# Ramps (Wild Leeks)



## Rocklobster (May 18, 2014)

Found these at a farmers market yesterday. They grow in the spring in hardwood forests. I ate a few this morning in an omlette and they were very nice....


----------



## taxlady (May 18, 2014)

I wonder if they grow wild here in Quebec.


----------



## Dawgluver (May 18, 2014)

I remember reading the old Grimm fairy tales as a child, and there was occasional mention of ramps.  I didn't know what they were.

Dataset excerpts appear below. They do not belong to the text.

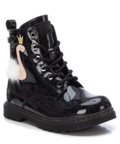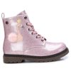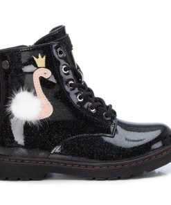 Botín de niña, de la marca Xti Kids. Fabricado en glitter forrado con plástico transparente. Cierre mediante cremallera lateral y cordones ajustables. Tirador trasero para facilitar la puesta. Detalle decorativo en el lateral. Suela de goma antideslizante. Este modelo ha obtenido el certificado vegano por la organización mundial PETA (Organización de los derechos de los animales).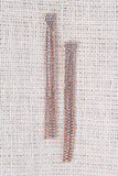 These long dangle earrings feature three rows of rhinestones in a gradient arrangement and finished with push backs.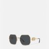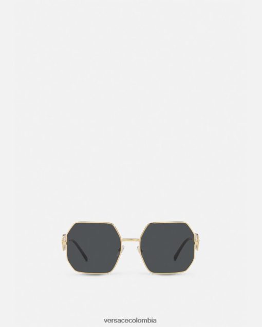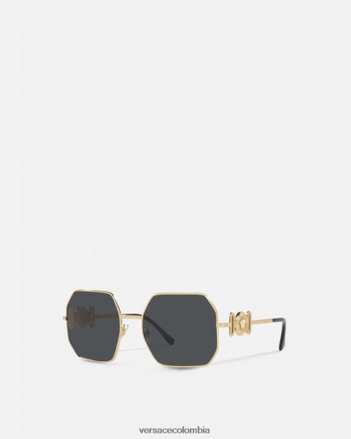 Estas gafas de sol heptágono Medusa Biggie tienen monturas finas de metal, detalladas con un puente nasal y piezas metálicas de Medusa en las patillas.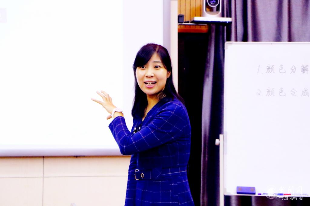 張曼所講授的《印刷色彩學(xué)》是一門印刷專業(yè)基礎(chǔ)課程,也是首次在我校開設(shè)。為了使學(xué)生的科學(xué)理論和實踐技能平行增長,授課要兼具理工學(xué)科的嚴(yán)謹(jǐn)、求實性和服務(wù)行業(yè)的實踐應(yīng)用性,對教師的講授方式提出了許多創(chuàng)新性的要求。她“摸著石頭過河”,一面不斷從圖書館、從本科時的課堂筆記中追求“認(rèn)識論”,一面從旁聽其他學(xué)校的課程及線上教學(xué)資源中找尋“方法論”。在課堂上,為了把豐富的色彩世界和抽象的顏色空間精準(zhǔn)地呈獻(xiàn)給學(xué)生,單純靠口頭講授是不行的。張曼就利用課余時間自學(xué)了Photoshop、Flash等軟件制作技術(shù),在設(shè)計PPT及案例講述時,融入大量圖片、動畫、視頻等資源,盡量做到豐富生動、吸引學(xué)生的目光,把枯燥的顏色模型用生動的色彩案例表現(xiàn)出來,讓學(xué)生的想象力始終在豐富的七彩世界里遨游。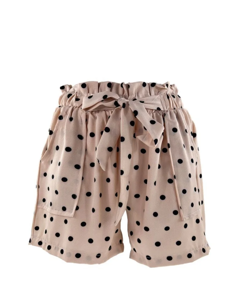 Szorty damskie z kokardą w groszki BEŻOWY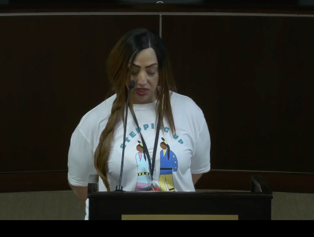 “Somewhere I read about the Freedom of Assembly, yet for years people have been injured and even killed for doing so. In an ABC7 article, we read that just four months ago in LA, during the ‘No Kings’ demonstrations, protesters were hit with rubber bullets simply for using that right. Somewhere I read about the Freedom of Press, yet our news is more censored than ever before.”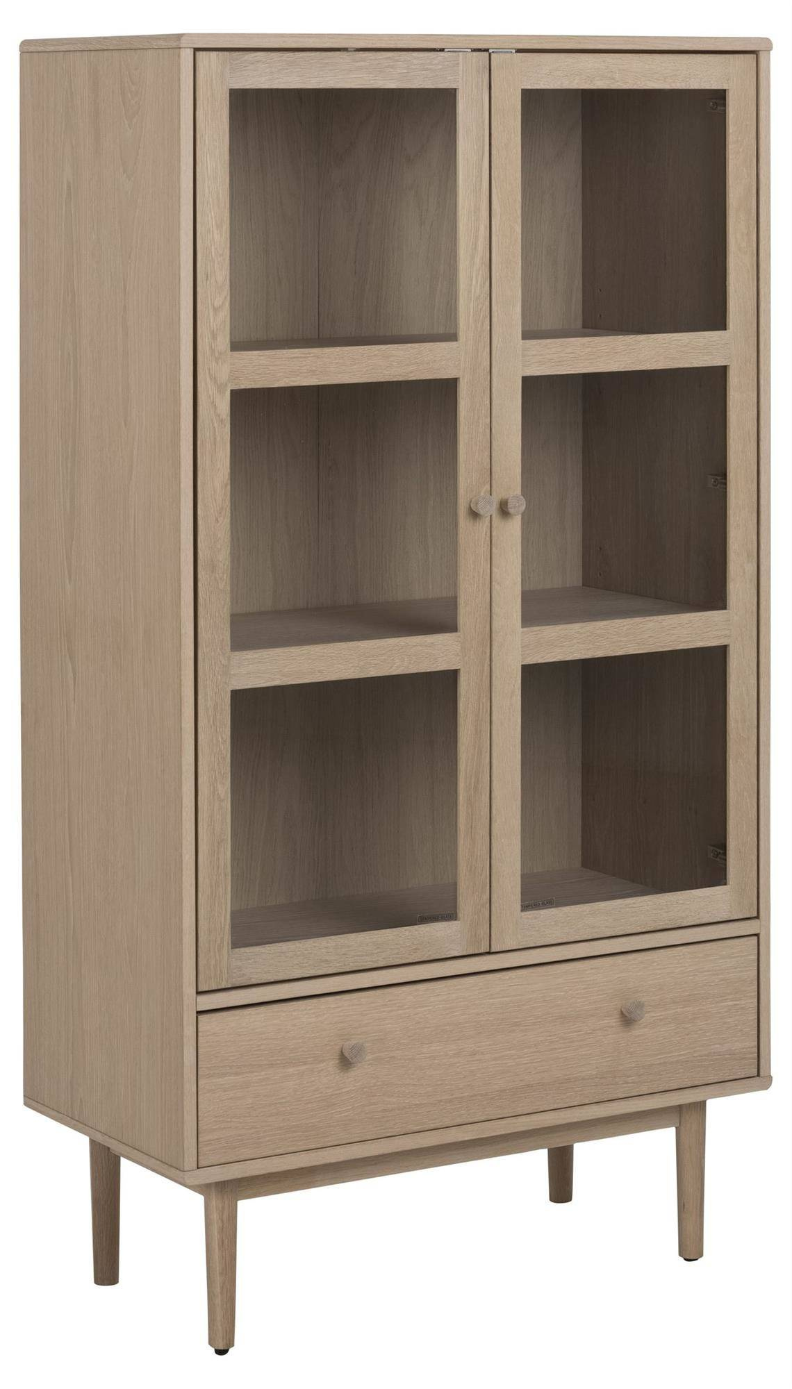 Materiały i wykończenie: Korpus witryny stworzono z płyty fornirowanej dębowej, z zachowaniem naturalnej tekstury drewna. Fornir dębowy, olejowany bielony, nie tylko eksponuje piękno słoju, ale dodatkowo jest trwały i odporny. Podstawa z litego dębu i zastosowanie olejowania zapewniają wyjątkową trwałość i wygodę użytkowania.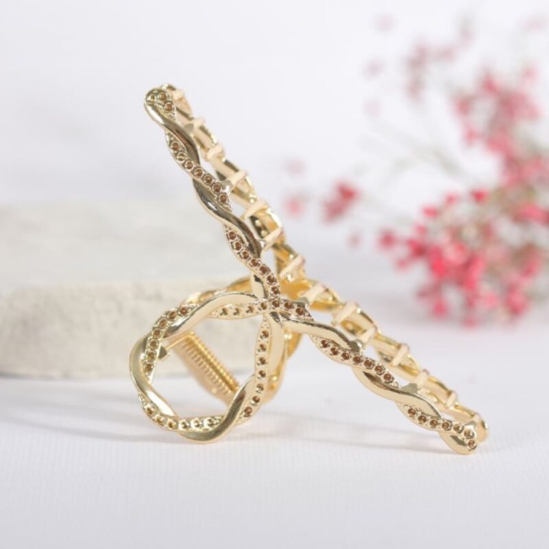 - Elegancki Blask: Złote zdobienia nadają klamrze luksusowego wyglądu, podkreślając piękno Twoich włosów i dodając im blasku.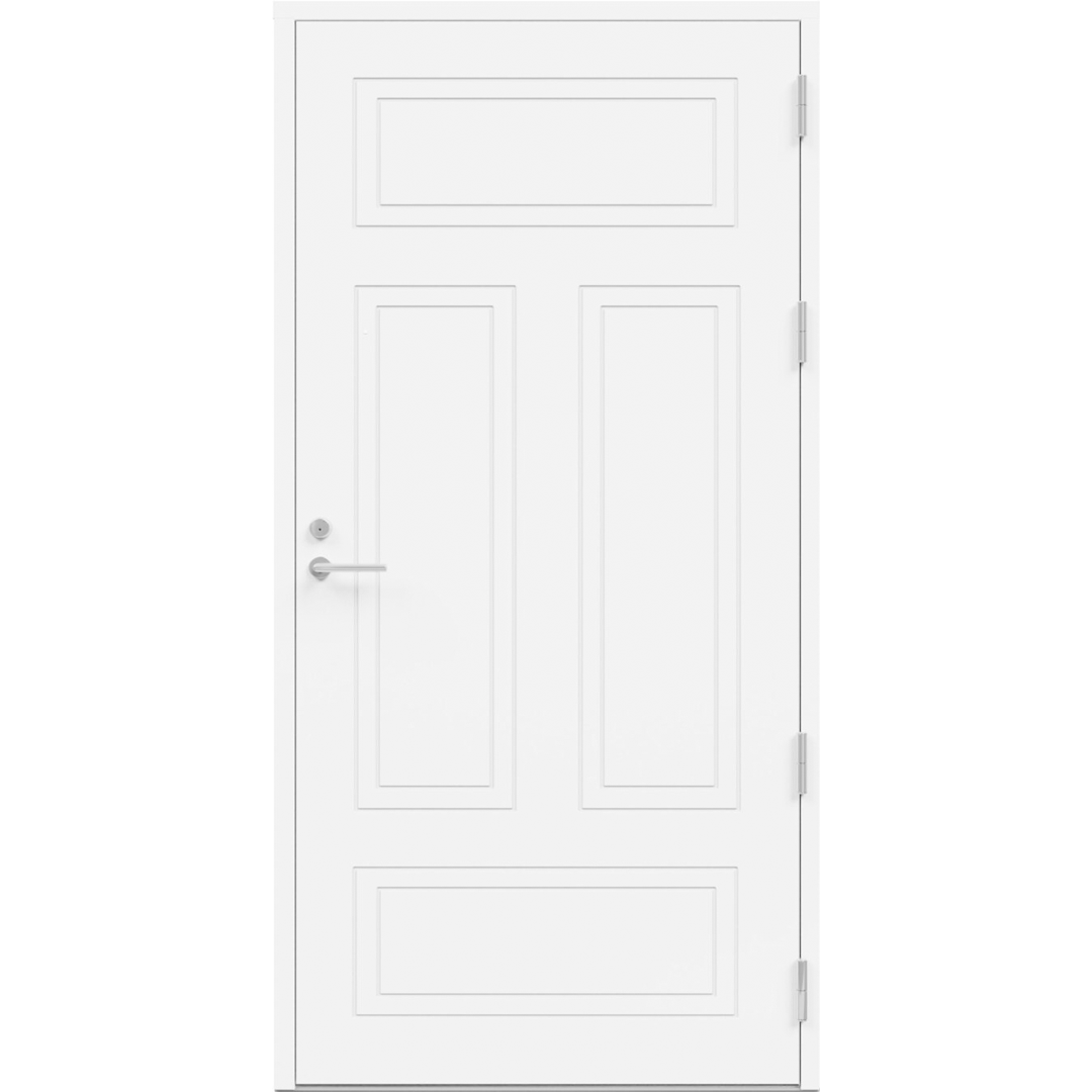 HDF-pind, tugevdatud alumiiniumplaadiga. Uste konstruktsioon on valmistatud pikijätkatud männipuidust, mida on kombineeritud vineeriga. Kogupaksus on 62 mm, soojusisolatsiooniga ukse paksus on 86 mm. Välimine külg dekoratiivse freesitud mustriga, sisemine külg sile. Saadaval ka dekoratiivse freesitud mustrita, st sileda pinnaga mõlemal küljel.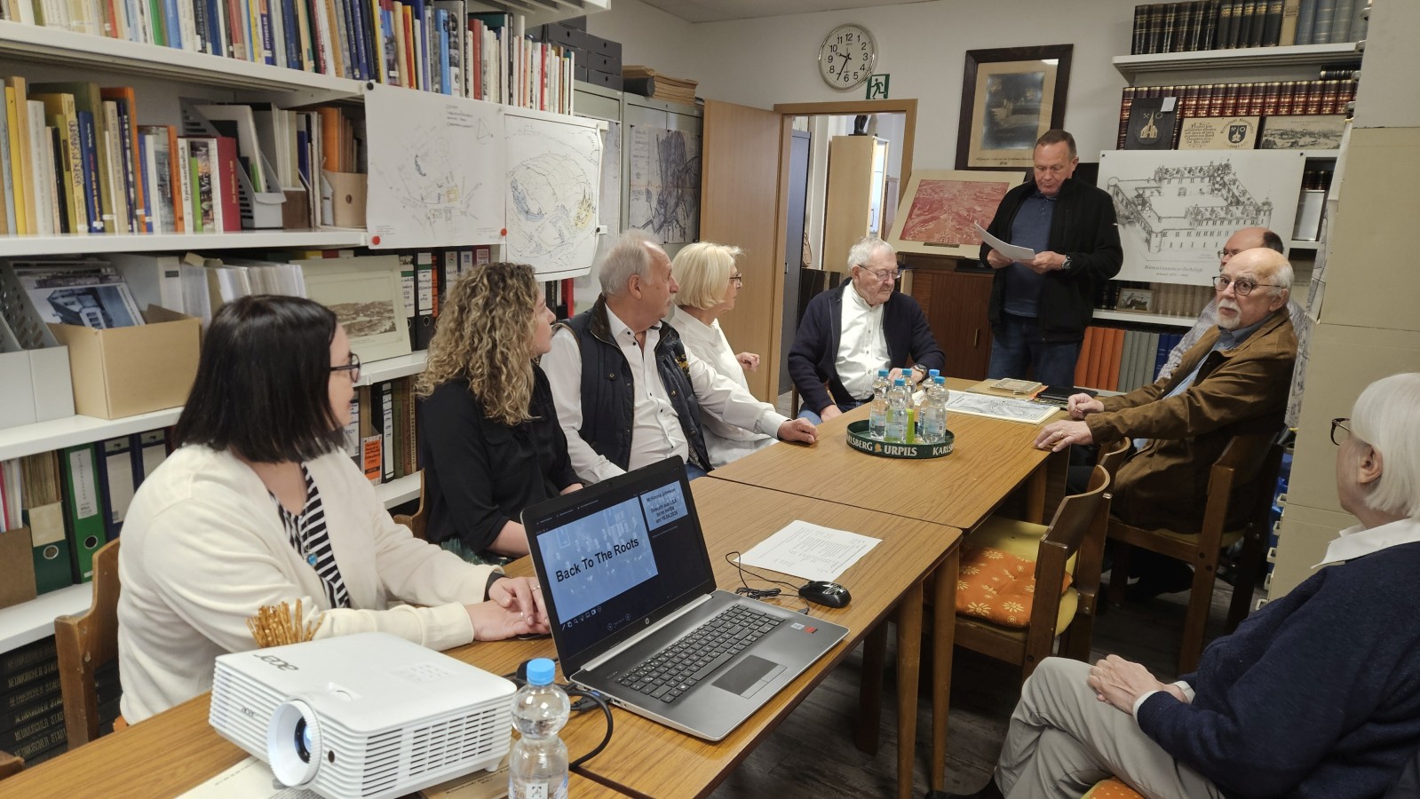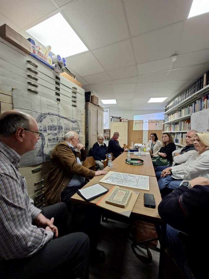 Der Besuch begann um 09.30 Uhr in der Geschäftsstelle. Auf Seiten des Vereins waren Brigitte Schubert, Friedrich Decker, Wolfgang Thomas, Jürgen Prams, Friedrich Strohm und Michael Brendel anwesend. Als Überraschungsgäste waren die Eheleute Dorothee und Ingo Schmelzer eingeladen. Ingo Schmelzer ist mit Frau Johnson über gemeinsame Vorfahren aus dem 17. Jahrhundert verwandt.
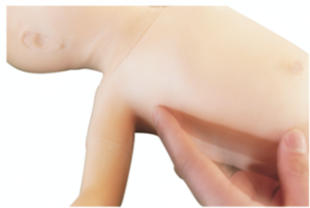 3. 新生兒模型右側腋窩處可觸及電源開關,將開關打開狀態時有語音提示“歡迎使用本公司產品”;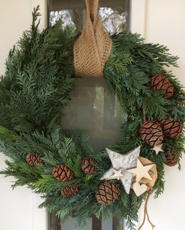 Con esta corona muy simple, sólo verde y poco más. Estas "piñas" son de secuoyas, las recogimos cuando fuimos de picnic al "bosque de secuoyas" en el zoológico Wilhelma. Si vienes a Stuttgart no te lo puedes perder! (Aquí te dejo un enlace para ir a ver el parque ahora antes de la navidad, las secuoyas se convierten en el bosque encantado de Aladino!)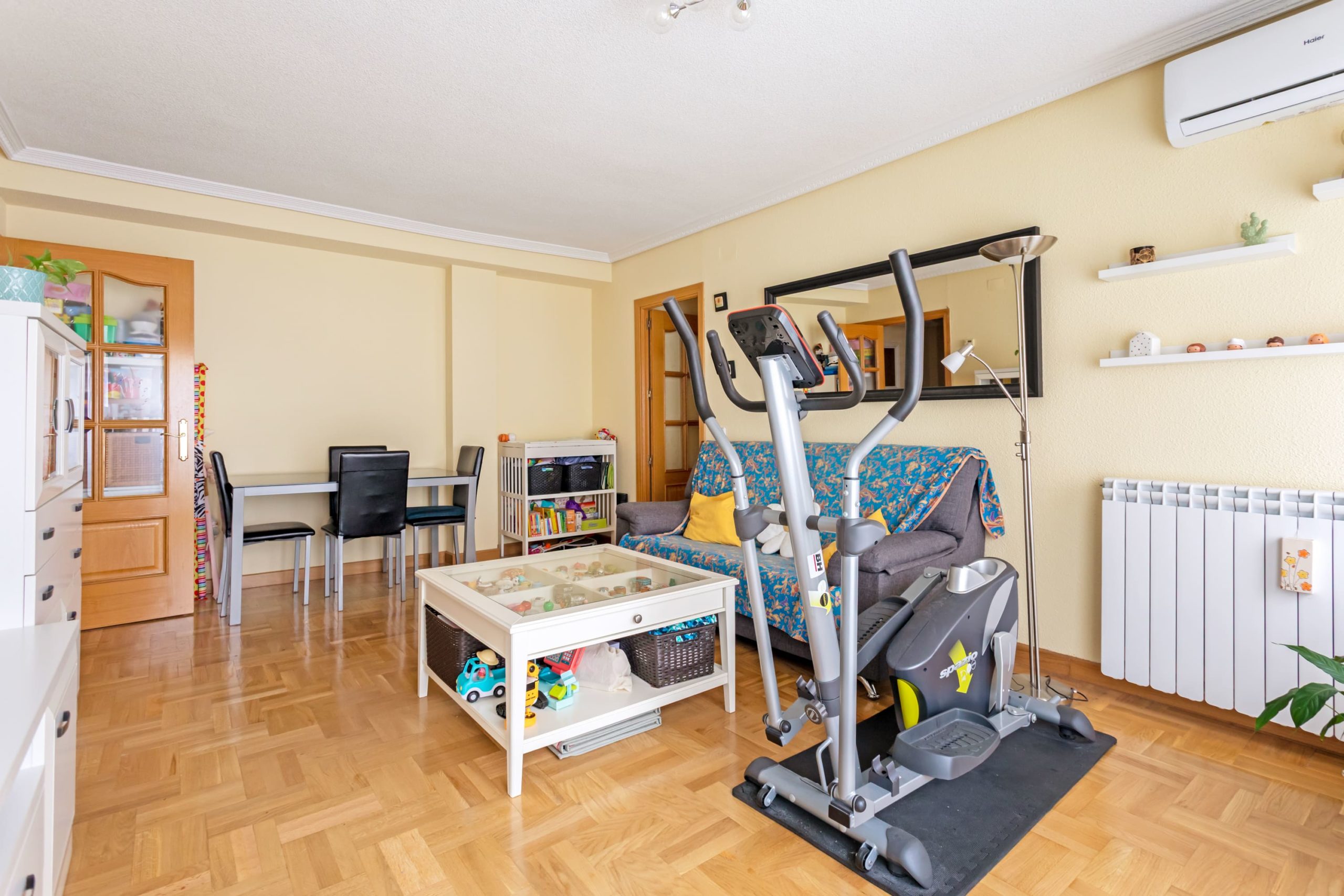 Les presentamos en exclusiva este piso situado en Hortaleza, una excelente opción para quienes buscan amplitud, comodidad y calidad de vida en una zona residencial consolidada de Madrid. La vivienda dispone de tres habitaciones bien proporcionadas, ideales tanto para una familia como para quienes necesitan espacio extra para despacho o invitados, y dos baños completos que aportan funcionalidad y confort en el día a día. El salón es amplio y muy luminoso, un espacio perfecto para el descanso o para disfrutar de reuniones, gracias a su distribución cómoda y a la entrada de luz natural. La cocina es independiente, práctica y bien dimensionada, lo que permite cocinar con comodidad y mantener separados los ambientes, cuenta con espacio de terraza tendedero el cúal aporta comodidad. Adicionalmente, el piso cuenta con 3 splits de aire acondicionado recientemente instalados, distribuidos en el salón y en dos de las habitaciones y con una plaza de garaje, un valor añadido que aporta seguridad y comodidad. Todo ello se encuentra en un entorno tranquilo y familiar como es Hortaleza, un barrio que destaca por su buena comunicación mediante transporte público y acceso rápido a las principales vías, así como por la cercanía a zonas verdes, comercios, colegios, centros de salud y todo tipo de servicios. La vivienda situada muy cerca del metro Hortaleza, combina el ambiente residencial y relajado con la cercanía a zonas de ocio y restauración, ofreciendo un equilibrio perfecto entre tranquilidad y vida urbana.

They look like a great sub for green onions.  Wonder if they grow around here.


----------



## CWS4322 (May 18, 2014)

They grow wild around here. I don't know what they look like except prepared. There is a place nearby that sells them "by the bunch" with the roots still on...keep meaning to go get some. The season is mid-April through May. They must grow wild in Quebec, TL.


----------



## PrincessFiona60 (May 18, 2014)

I get ramps from Oregon Mushrooms LLC  They keep them frozen in the off season and they are just as good.


----------



## CatPat (May 18, 2014)

These are very strong!

Waynesville Ramp Festival - Waynesville, NC

They have a ramp festival in Waynesville, NC.

With love,
~Cat


----------



## Rocklobster (May 19, 2014)

CWS4322 said:


> They grow wild around here. I don't know what they look like except prepared. There is a place nearby that sells them "by the bunch" with the roots still on...keep meaning to go get some. The season is mid-April through May. They must grow wild in Quebec, TL.



I got mine up in Barry's Bay. As I said, on the North side of hardwood forests, is what the guy told me. All along I thought they grew in the spring in areas with fast moving run off, like ditches and creek banks, etc...


----------



## Rocklobster (May 19, 2014)

Dawgluver said:


> They look like a great sub for green onions.  Wonder if they grow around here.



Got any hardwood forests??


----------



## Aunt Bea (May 19, 2014)

I have never seen them pickled!

We used then fresh in scrambled eggs.

I don't remember having them any other way.  

Maybe a new north woods martini featuring the pickled ones!


----------



## CraigC (May 19, 2014)

Isn't there a tradition in Spain where they roast ramps on open fires and serve them with Romesco sauce, or is that some other onion?


----------



## Dawgluver (May 19, 2014)

Rocklobster said:


> Got any hardwood forests??




Actually, we do, on 3 sides of the yard!


----------



## Kayelle (May 19, 2014)

I'm envious of those of you living around hardwood forests. How beautiful it must be.
Just citrus, avocado and palm trees in my neck of the woods.


----------



## Steve Kroll (May 19, 2014)

We used to dig them up around my dad's Wisconsin cabin when he was still alive. Looks yours had been cleaned before you bought them, otherwise it can be a real challenge to get all the grit out of them (think leeks but on a much smaller scale).

My absolute favorite ramp dish is a cream soup with potatoes.

They're awesome in scrambled eggs, too. My dad's favorite thing was something he called "wild breakfast". He would make scrambled eggs with ramps and morel mushrooms he had picked, and then serve wild asparagus on the side.


----------



## Janet H (May 19, 2014)

Love, Love Love ramps.  We used to saute them whole (minus the leaves) and then brown with potatoes.  They are also seriously awesome on pizza but my favorite way to eat them was done up tempura style with a nice dipping sauce.


----------



## GotGarlic (May 19, 2014)

Kayelle said:


> I'm envious of those of you living around hardwood forests. How beautiful it must be.
> Just citrus, avocado and palm trees in my neck of the woods.



I would be pretty happy if I had citrus and avocado trees in my yard


----------